About this exercise
Please output all of the entries exactly and omit any images they hold.

★ ★ ★ ★ ★ ★ ★

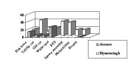 When ranking their problems, 118 farmers (67.8%) mentioned that they encountered diseases in their farms (Table 9). However, when specifically asked, 69% of the farmers said that they considered disease to be an important issue in hatcheries and nurseries. Disease was reported to be a more of a problem in the hatcheries and nurseries of the Mymensingh area, than in those of the Jessore area. The percentage of farmers reporting disease was 67%, 83% and 90% in hatcheries, nurseries and combined hatcheries/nurseries, respectively, in the Mymensingh area, while in the Jessore, area it was 61%, 54% and 0%, respectively. When the three production systems are compared, slightly more nurseries (72.9%) reported disease as one of their problems than did hatcheries (62.1%) or combined hatcheries/nurseries (66.7%).
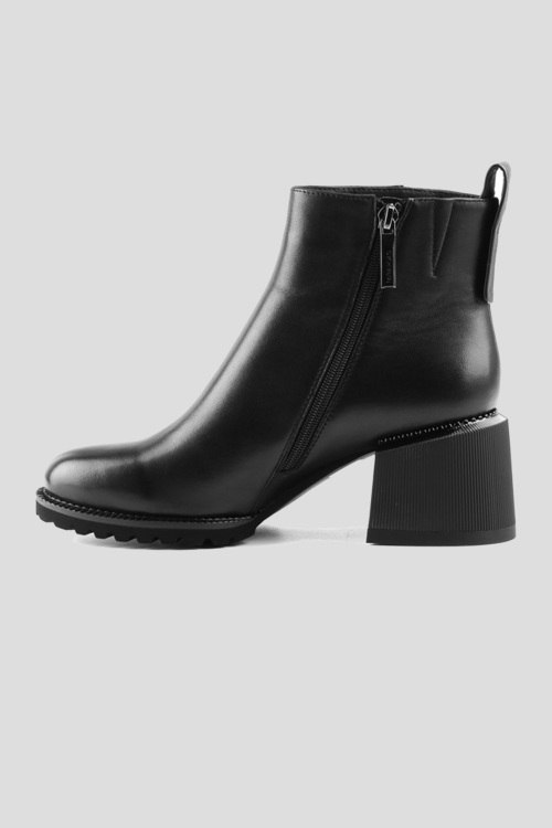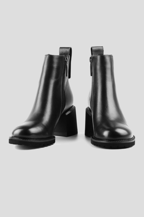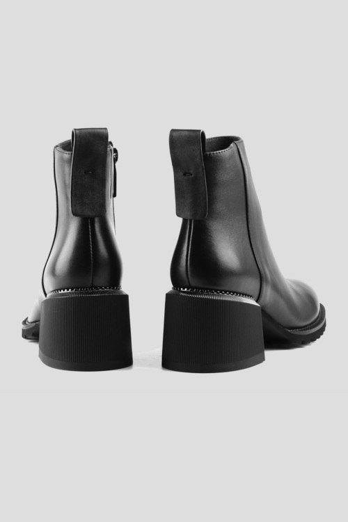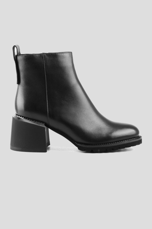 Женские черные ботильоны из натуральной кожи от Le Berdes (Ле Бердес). Застежка-молния сбоку, петля для подтягивания, закругленный носок, широкий каблук, внутри на байке. Высота каблука - 7 см
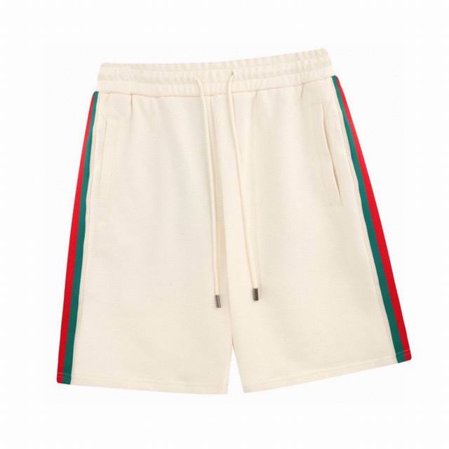 summer new style side red and green stripe casual shorts customized pure cotton fabric super texture soft breathable fashion unisex casual shorts
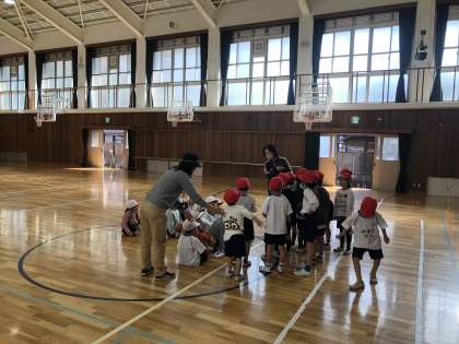 1年生は体育館で、6年生は運動場で
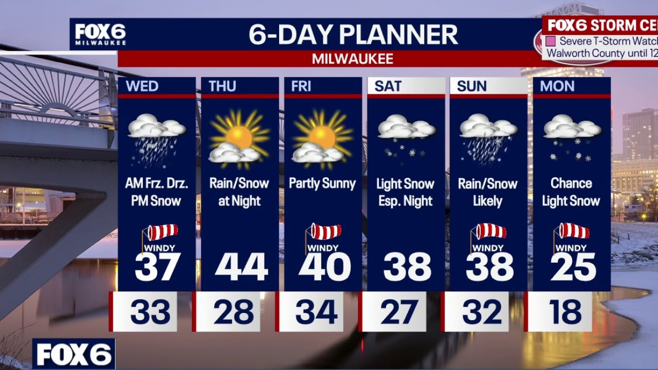 Winter Weather Advisory Sheboygan & Fond du Lac counties from 1am to 1pm on Wednesday Severe T-Storms with hail and wind ending overnight. Windy and cold with temperatures in the 30s. Freezing drizzle and light freezing rain possible on Wednesday morning, especially north of Milwaukee. This could cause a glazing of ice on untreated surfaces. Temperatures at/below 32 north of MKE.

★ ★ ★ ★ ★ ★ ★

Exercise result
 When ranking their problems, 118 farmers (67.8%) mentioned that they encountered diseases in their farms (Table 9). However, when specifically asked, 69% of the farmers said that they considered disease to be an important issue in hatcheries and nurseries. Disease was reported to be a more of a problem in the hatcheries and nurseries of the Mymensingh area, than in those of the Jessore area. The percentage of farmers reporting disease was 67%, 83% and 90% in hatcheries, nurseries and combined hatcheries/nurseries, respectively, in the Mymensingh area, while in the Jessore, area it was 61%, 54% and 0%, respectively. When the three production systems are compared, slightly more nurseries (72.9%) reported disease as one of their problems than did hatcheries (62.1%) or combined hatcheries/nurseries (66.7%).
 Женские черные ботильоны из натуральной кожи от Le Berdes (Ле Бердес). Застежка-молния сбоку, петля для подтягивания, закругленный носок, широкий каблук, внутри на байке. Высота каблука - 7 см
 summer new style side red and green stripe casual shorts customized pure cotton fabric super texture soft breathable fashion unisex casual shorts
 1年生は体育館で、6年生は運動場で
 Winter Weather Advisory Sheboygan & Fond du Lac counties from 1am to 1pm on Wednesday Severe T-Storms with hail and wind ending overnight. Windy and cold with temperatures in the 30s. Freezing drizzle and light freezing rain possible on Wednesday morning, especially north of Milwaukee. This could cause a glazing of ice on untreated surfaces. Temperatures at/below 32 north of MKE.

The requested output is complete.